Protected void Application_AuthorizeRequest (object Sender, System. EventArgs e ){
HttpApplication App = (HttpApplication) Sender;
HttpContext Ctx = App. Context;
If (Ctx. Request. IsAuthenticated = true ){
FormsIdentity Id = (FormsIdentity) Ctx. User. Identity;
FormsAuthenticationTicket tk = Id. Ticket;
String [] Roles = tk. UserData. Split (',');
Ctx. User = new GenericPrincipal (Id, Roles );
If (Ctx. Request. Path. Split ('/') [2] = "admin "){
If (Ctx. User. IsInRole ("admin") = false ){
Ctx. Response. Redirect (".../default. aspx ");
}
}
}
}

}
}
4. Write the WS service admin. asmx In the admin directory for authorized access:
/* ===================================================== ======================================

C # Source File -- Created with SAPIEN technology Primalcode 3.0

NAME: admin. asmx. cs

AUTHOR: JimLee, Dxl School
DATE: 2004-10-19

COMMENT:

========================================================== ===================================== */

Using System;
Using System. Web;
Using System. Web.

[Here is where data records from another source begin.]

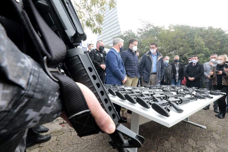 Foto: Itamar Aguiar/Palácio PiratiniO governo do RS entregou na manhã desta terça-feira (06), no Centro Administrativo Fernando Ferrari, em Porto Alegre, 20 fuzis, 150 espingardas e seis ônibus para a Susepe (Superintendência dos Serviços Penitenciários), vinculada à Secretaria da Administração Penitenciária.
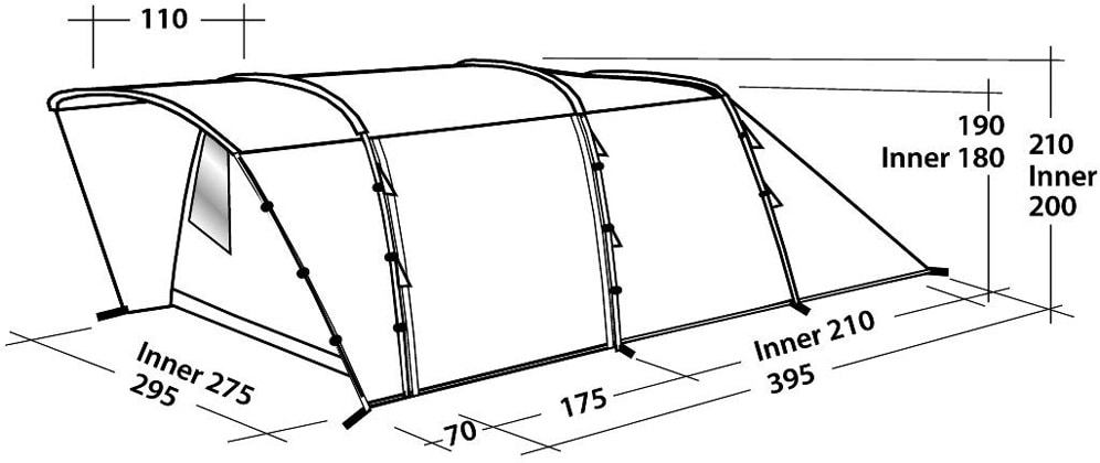 • Familien-Tunnelzelt mit großem Wohnbereich und regengeschütztem Vordereingang
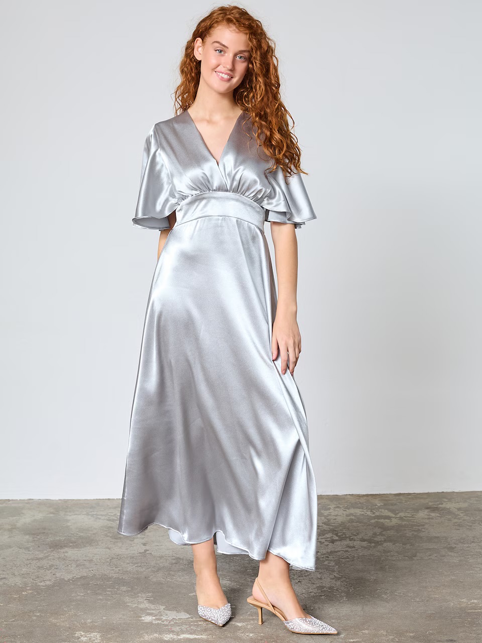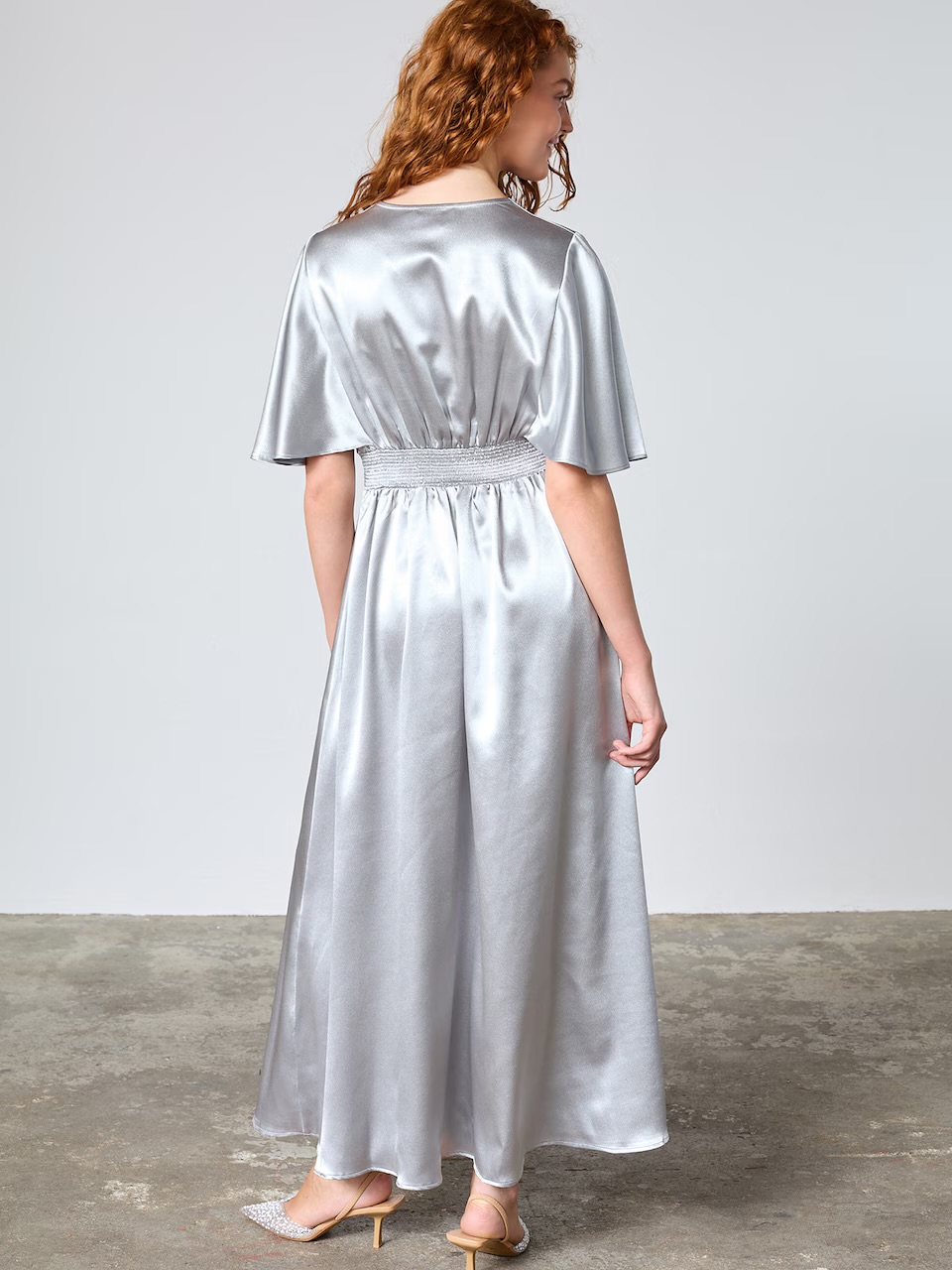 Fin och festlig klänning med vackra detaljer. Den har en feminin passform med en smock på baksidan. Klänningen har en v-ringning och lösa ärmar.
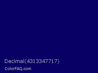 Decimal 4313347717 Color is a very dark indigo color and the nearest color is Arapawa #110c6c. Hex code #080065 and RGB value is rgb(8,0,101). In RGB color space, this color is composed of 3% red, 0% green, 40% blue, In CMYK color space, this color is composed of 92% cyan, 100% magenta, 0% yellow , 60% black , In HSL color space, this color has a hue angle of 245° , 100% saturation and 20% lightness.
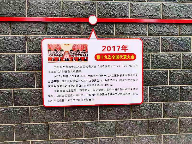 文化墙记述了从1921年中国共产党的成立到2017年十九大的顺利召开。其中主要内容有南昌起义、红军长征、遵义会议、新中国成立、改革开放、十八大以及历任国家领导人提出的指导思想等内容。文化墙俨然已经成为营区一道独特的风景线,一幅幅展板把中国共产党从诞生到一步步茁壮成长再到发展壮大的辉煌历程淋漓尽致的展现出来,不仅美化了营区环境,营造了浓厚的文化氛围,而且强化了全体队员缅怀先烈、铭记历史,树立理想,立志报国的坚定信念,进而也增强了消防救援队伍的使命感与职责感 。
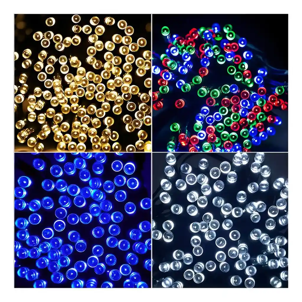 Luces Solares Navidad Guirnalda 10 Metros 100 Led Colores - Brillantes como las LED que se conectan a la red eléctrica. - Sencillas y rápidas de instalar. - Autosuficientes, no necesitan electricidad, se pueden instalar en cualquier lugar. - Más seguras que las que se conectan a la red eléctrica por el bajo voltaje de sus pilas recargables. - Pilas recargables selladas en una caja resistente a la intemperie. - Sin gastos de operación. - Se encienden y apagan automáticamente con un sensor de luz. - Respetuosas con el medio ambiente.
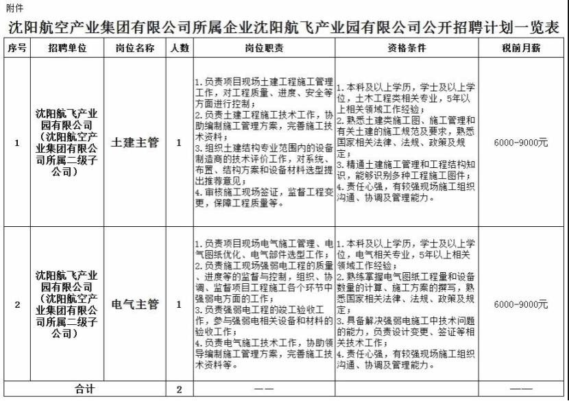 附件:沈阳航空产业集团有限公司所属企业沈阳航飞产业园有限公司公开招聘计划一览表(见下图)
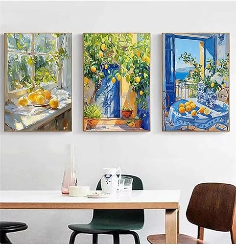 LZJAGXX Affiche de paysage côtier avec citronnier méditerranéen, fruits, nature morte, peinture sur toile, art mural, décoration de cuisine, maison, 60 x 80 cm, sans cadre
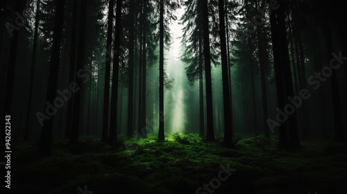 © lertsakwiman, Obraz premium A serene forest scene with towering trees and soft light filtering through the mist, creating a peaceful atmosphere.
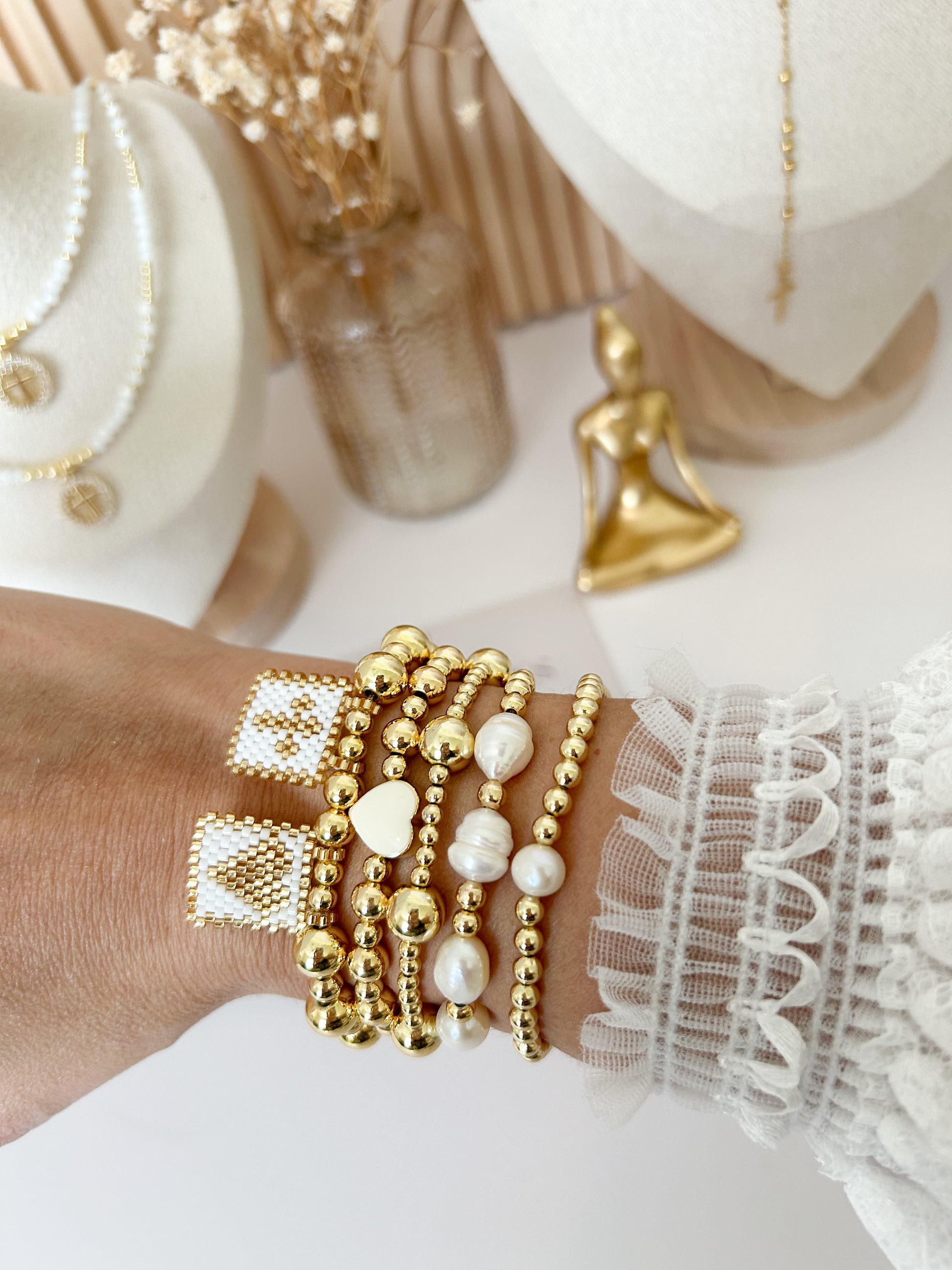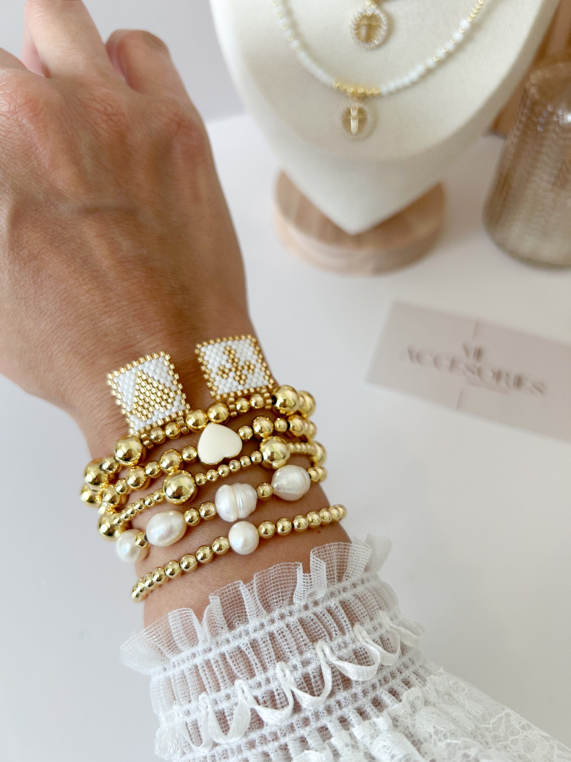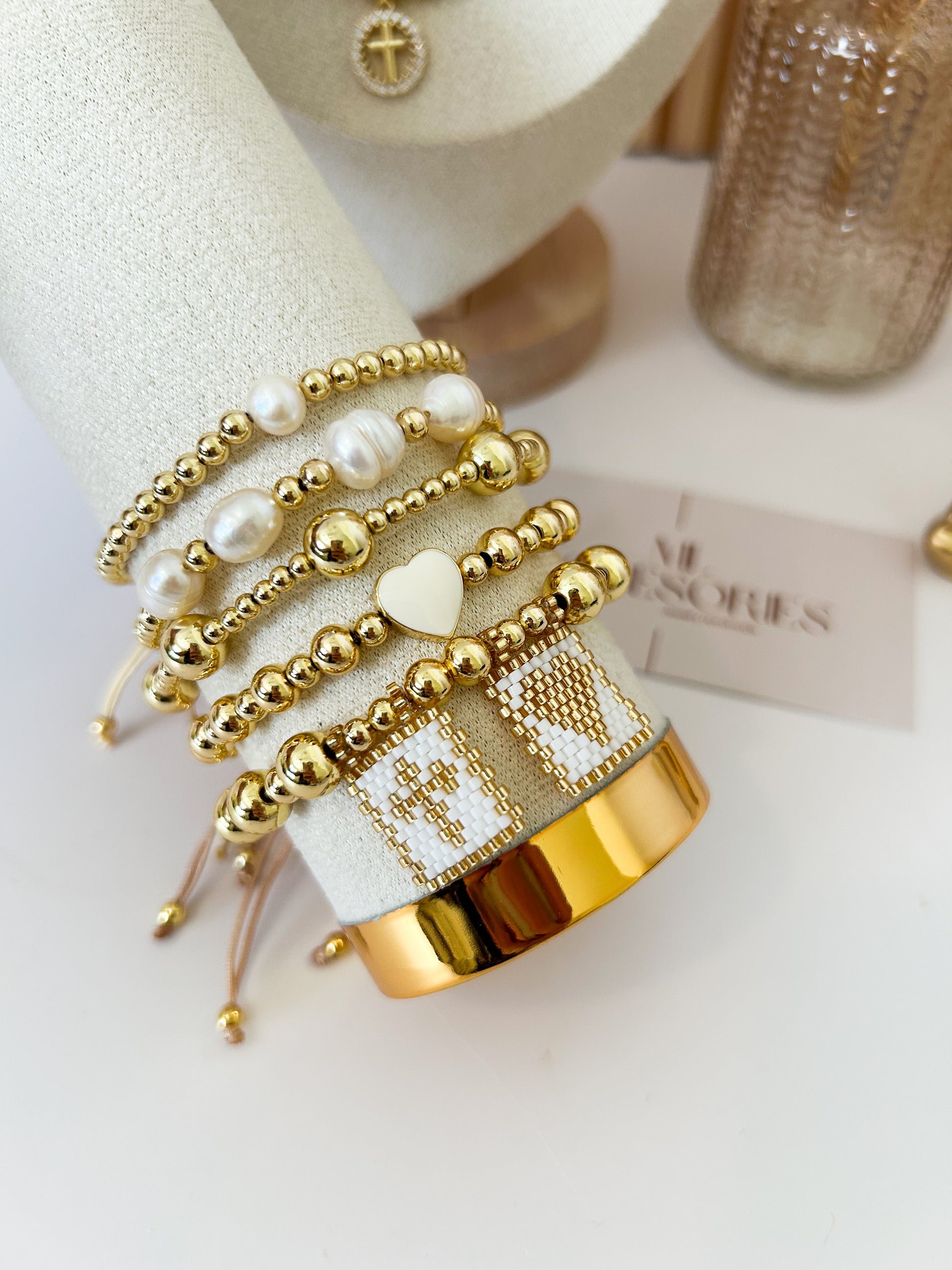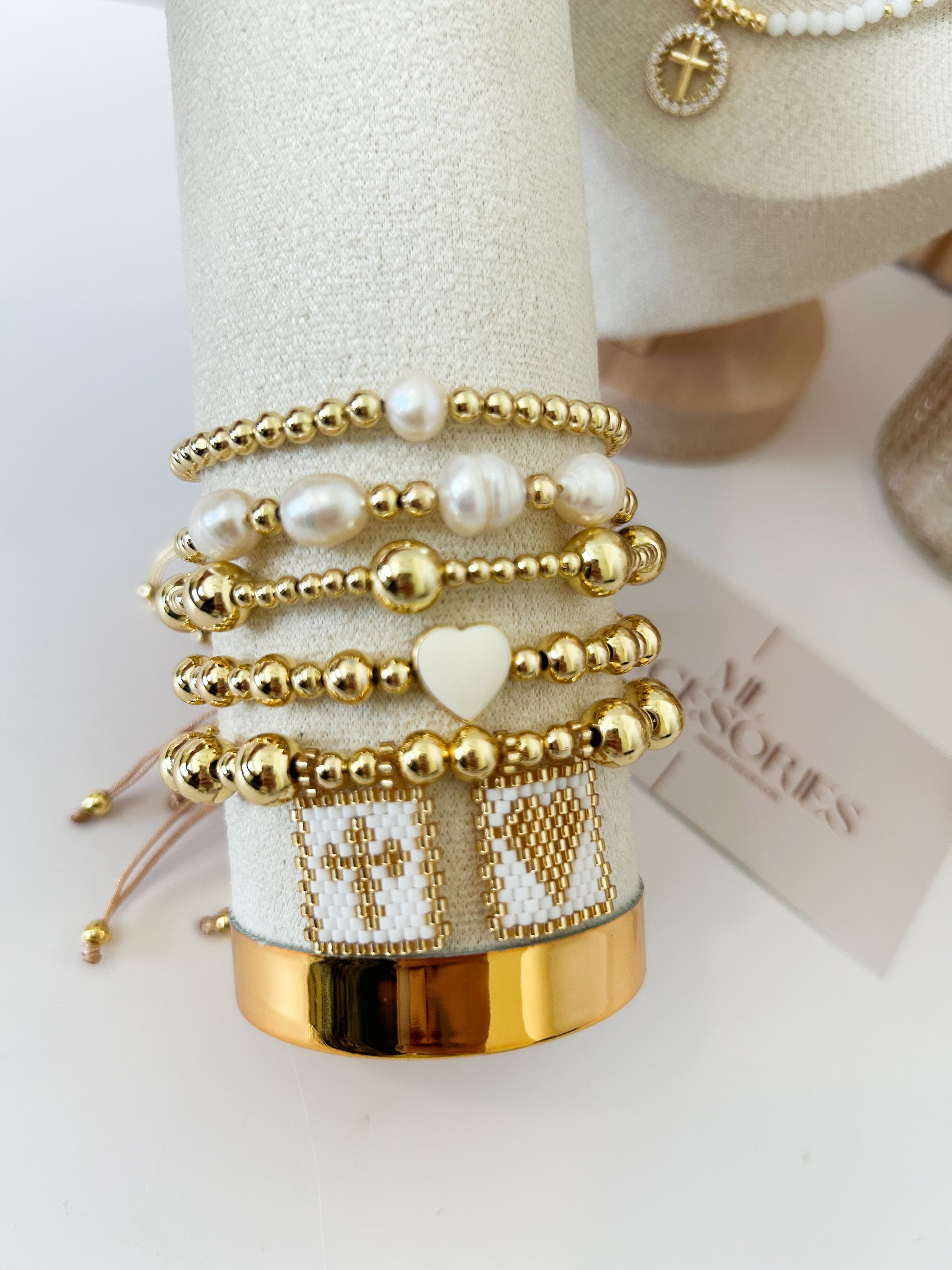 - Details: Freshwater pearls, white enamel heart bead, gold round beads, white and gold beaded charms with heart and cross designs
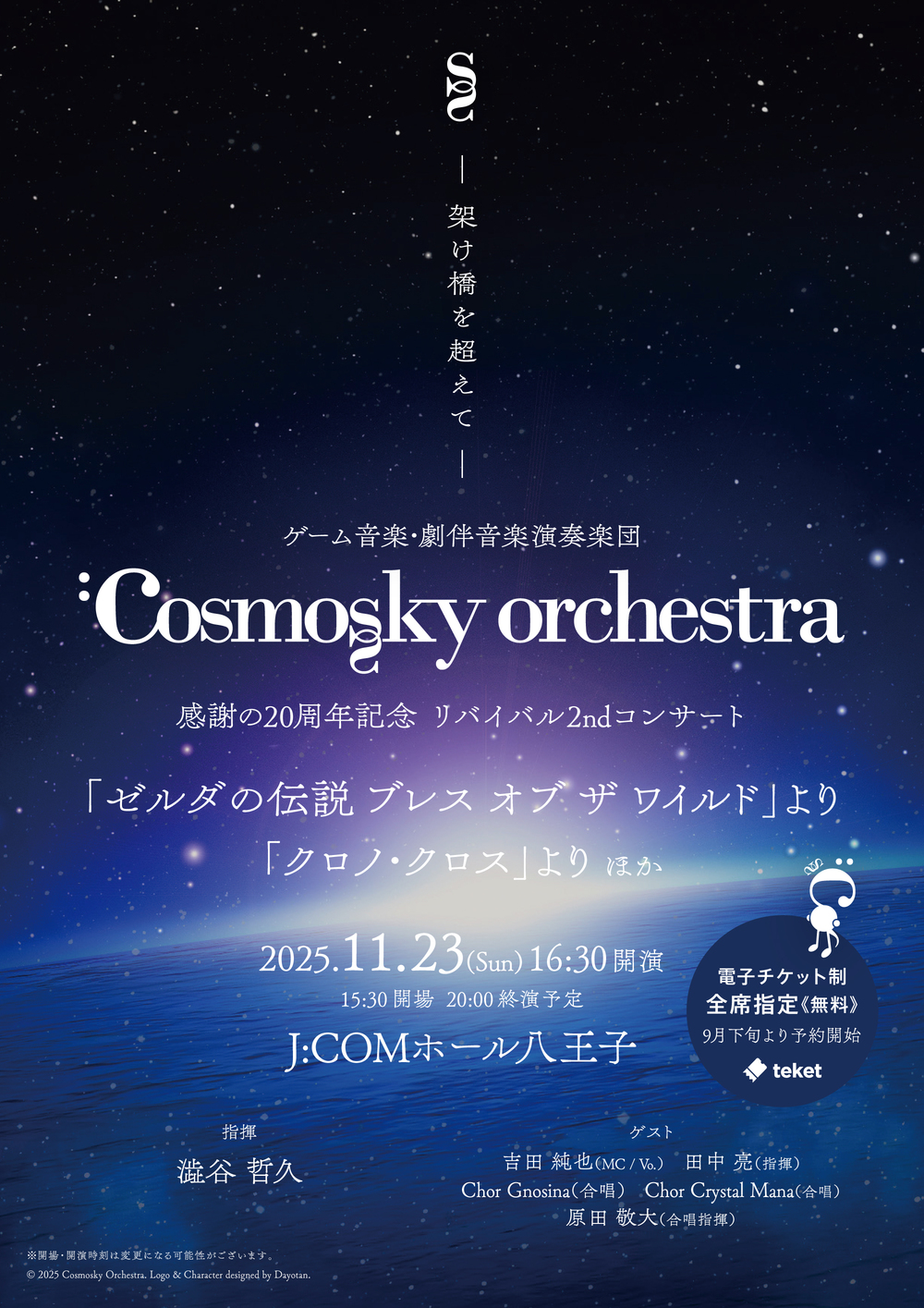 コスモスカイオーケストラは、ゲーム、映画、TVドラマなどの劇伴音楽(実用音楽)を演奏する楽団。2005年に発足、今年で創立20周年を迎える。クラシックオーケストラ編成を母体にエレキギターやドラムなどの楽器に加え、自由な編成による自由な音楽の実現を目指して、都内近郊で活動中。過去の演奏会では、Chor Crystal Mana、東京滝野川少年少女合唱団、Chor Gnosina、ファミ箏とのコラボレーションや、作曲家の光田康典氏、岩垂徳行氏、なるけみちこ氏らの名だたるアーティストとの共演を果たしている。また、HoYoverse主催の「崩壊:スターレイル」クリエイターコンテストにて、演奏動画が2023年8月に優秀賞、2025年7月に三等賞・人気賞を受賞した。
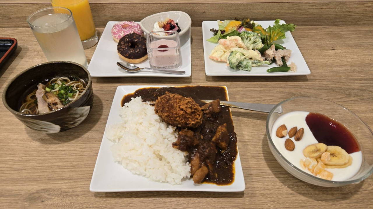 リッチモンドホテル山形駅前はラウンジサービスの時間が長く、コーヒーにソフトドリンク、美味しいソフトクリームのサービスもお勧めです、また最近限定80食で山形名物冷たい肉そばの夜食サービスもはじまってました、肉そばの肉は鶏の親鶏で歯ごたえもあり美味しかったです、また朝食もお勧めで、出来立ての芋煮や天ぷら、鳥中華そば等の名物や、ロイヤルのカレーフェアで日替わりで楽しめたのも良かったです、また朝食を取れない時には、朝食券がコーヒーや紫芋のラングドシャに交換してもらえるのも良いですね
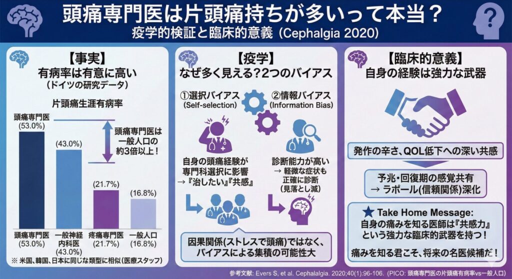 頭痛専門医は片頭痛持ちが多い説は本当か? 〜疫学データと選択バイアスから考える〜
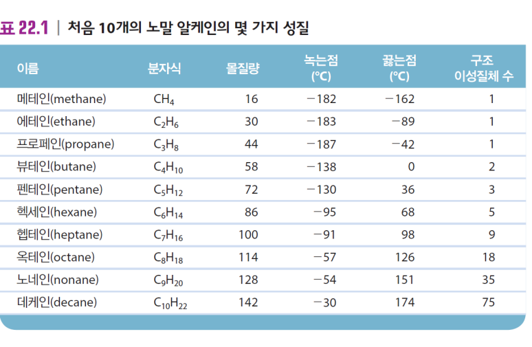 CnH2n+2 곧은 사슬일 때 CH3-(CH2)n-CH3 ***고리형알케인은 CnH2n
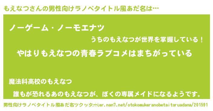 | 女子向けラノベタイトル風あだ名 | 『もえなつの雑貨屋さん』 |

Services;

Namespace AKS. Claw {
[WebService (Namespace = "http://www.AKS2046.com/ws/", Description = "Administrator actions", Name = "admin")]
Public class admin: WebService {
Public admin (){}

[WebMethod]
Public string test (){
Return "test ";
}
}
}
5. Nant. build File
Note that the files under the admin directory should be put under the bin directory under the root directory after compilation.
<? Xml version = "1.0" encoding = "gb2312"?>
<Project name = "AKS_Claw_v1.0" default = "run">
<Property name = "basename" value = "AKS_Claw_v1.0"/>
<Property name = "debug" value = "true"/>

<Target name = "clean">
<Delete>
<Fileset>
<Include name = "bin \ $ {basename }-??. Exe "/>
<Include name = "bin \ *. dll"/>
<Include name = "bin \ *. pdb"/>
</Fileset>
</Delete>
</Target>

<Target name = "build" depends = "clean">
<Csc target = "library" output = "bin \ Global. asax. dll" debug = "$ {debug}">
<Sources>
<Include name = "Global. asax. cs"/>
</Sources>
</Csc>
<Csc target = "library" output = "bin \ admin. asmx. dll" debug = "$ {debug}">
<Sources>
<Include name = "admin \ admin. asmx. cs"/>
</Sources>
</Csc>
<Csc target = "library" output = "bin \ login. asmx. dll" debug = "$ {debug}">
<Sources>
<Include name = "login. asmx. cs"/>
</Sources>
</Csc>
<Csc target = "library" output = "bin \ function. dll" debug = "$ {debug}">
<Sources>
<Include name = "function. cs"/>
</Sources>
</Csc>
<Csc target = "exe" output = "bin \$ {basename}-cs.exe" debug = "$ {debug}">
<Sources>
<Include name = "tMain. cs"/>
</Sources>
<References>
<Include name = "bin \ function. dll"/>
</References>
</Csc>

</Target>

<Target name = "run" depends = "build">
<Exec program = "bin \ $ {basenameapps-cs.exe" basedir = "."/>
</Target>
</Project>

Then, you can use Nant to compile and test.